I Don’t Expect You to Forgive Me for Cheating on You.

It was one of those days that pulls inexplicably at your chest.

The foliage was blood red and gold and brown and tan but the firehouse marquee admitted that it was 72 degrees. My moods tend to be almost as mercurial as the barometer in mid-October but I had just gotten out of a failed relationship—a leap of faith that went horribly awry—and the sense of freedom I felt, having my own space back, made it difficult not to be at least a little grateful for the sun and for just being alive.
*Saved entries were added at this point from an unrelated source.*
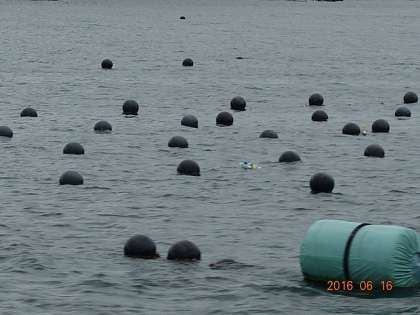 丸いぶいや筏は、真珠の養殖用だそうです。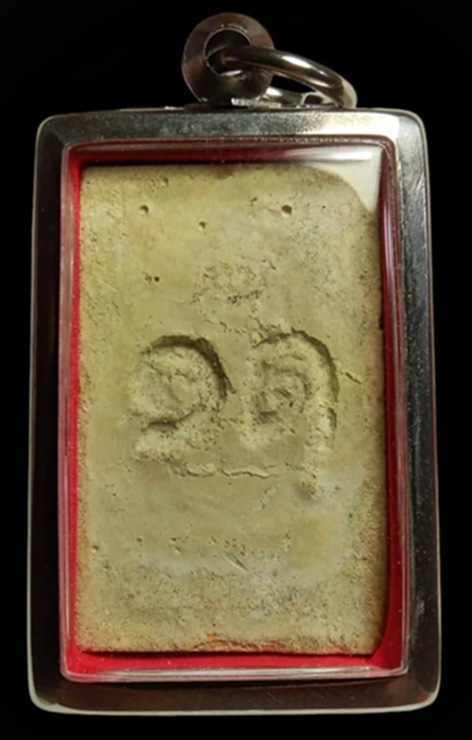 พระสมเด็จ ปี 2527 หลัง ๑ด แช่น้ำชา หลวงปู่ดู่ วัดสะแก อยุธยา รุ่นสร้างบรรจุโอ่ง กรอบสแตนเลสพร้อมห้อยบุชา
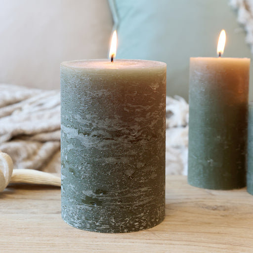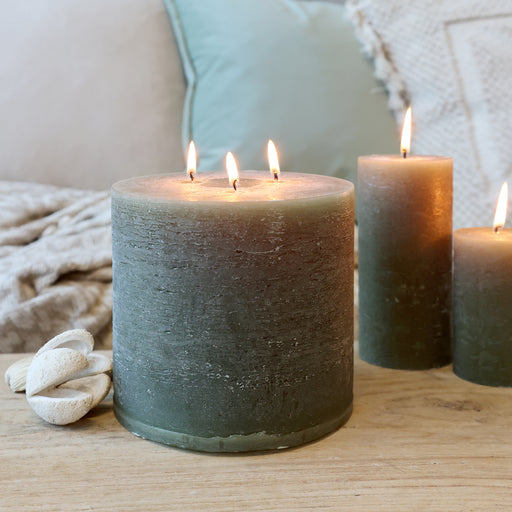 Dásamleg rústik kubbakerti 80 tímar 3 kveikar Litur: Olive H15/D15 Fást í mörgum litum og stærðum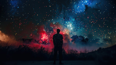 Silhouette of a man contemplating the beauty of a colorful cosmic nebula in space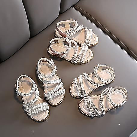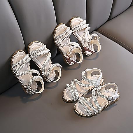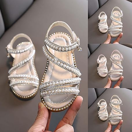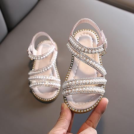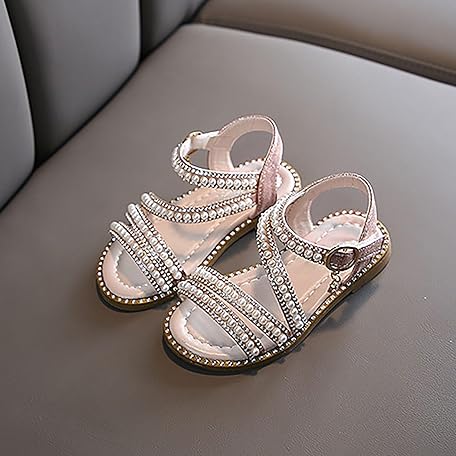Girls' Pearl Beaded Toe-Post Sandals, Girls' rhinestone Flat pumps Leather Shoes for Weddings as Bridesmaid, Flower Girl, Birthday Parties, and 𝗕all Gowns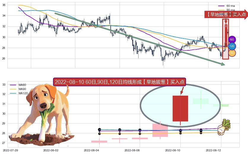 形态多维评估: ⚀ 2022-08-10日显现 60日-90日-120日均线 【旱地拔葱】买入点 看多信号,后市看涨,买入

My eyes followed a crisp maroon leaf down a side street, as the light autumn breeze picked it up and skimmed it across the blacktop until the sound of my own name being unmistakably called from not too far in the distance pulled me back to earth. It was Brie (not her real name), my lover from 15 years ago. I honestly thought I’d never see her again.

My history with Brie was so complex, I wasn’t entirely sure how to react. There was the boyish side of me whose immediate reaction was, “Wow, you look beautiful.” There was the side of me that knew I probably had some stuff to clean up—and, finally, there was a side of me that just longed to hug an old friend.

“You look good,” she said.
“You’re still beautiful,” I replied.
“I still can’t stand you,” she admitted.
“You’re entitled to feel that way.”
“I know. You treated me like sh*t. I was really good to you and you really treated me like sh*t.”
“I know.”

We sat down and it dawned on me what I needed to do—what I owed her. I knew why I did the things I did. It had nothing to do with her. How could it? We hadn’t been together six months when this all happened.

She was right though. She loved me when no one else in the world would. She brought sex and companionship and normalcy to my life at a time when I thought I would never have any of that again. In fact, she did a lot more than that.

We were only together for three months when she flew down with me to Florida to say goodbye to my mother who I had just learned was dying unexpectedly at a tenuous point in my early recovery. This was the kind of selfless act that I rarely received in any of my love relationships.

The only thing she wasn’t able to do was to make me love myself. Somehow I was convinced that could be found in the next conquest. And the next.

It usually was, too. For five minutes. Then I’d drive home playing the scene over and over again trying to convince myself how special I was that pretty women took off their clothes for me. It was a sad way to live.

There was so much in my life that I needed to work through in my mid-30s. This far down the line I have no problem admitting that everything that the more experienced people told me in those 12-step meetings was true. I was not ready to start a relationship with a woman. Not even a little. And their warnings that I would eventually relapse over the whole thing?

Again, true.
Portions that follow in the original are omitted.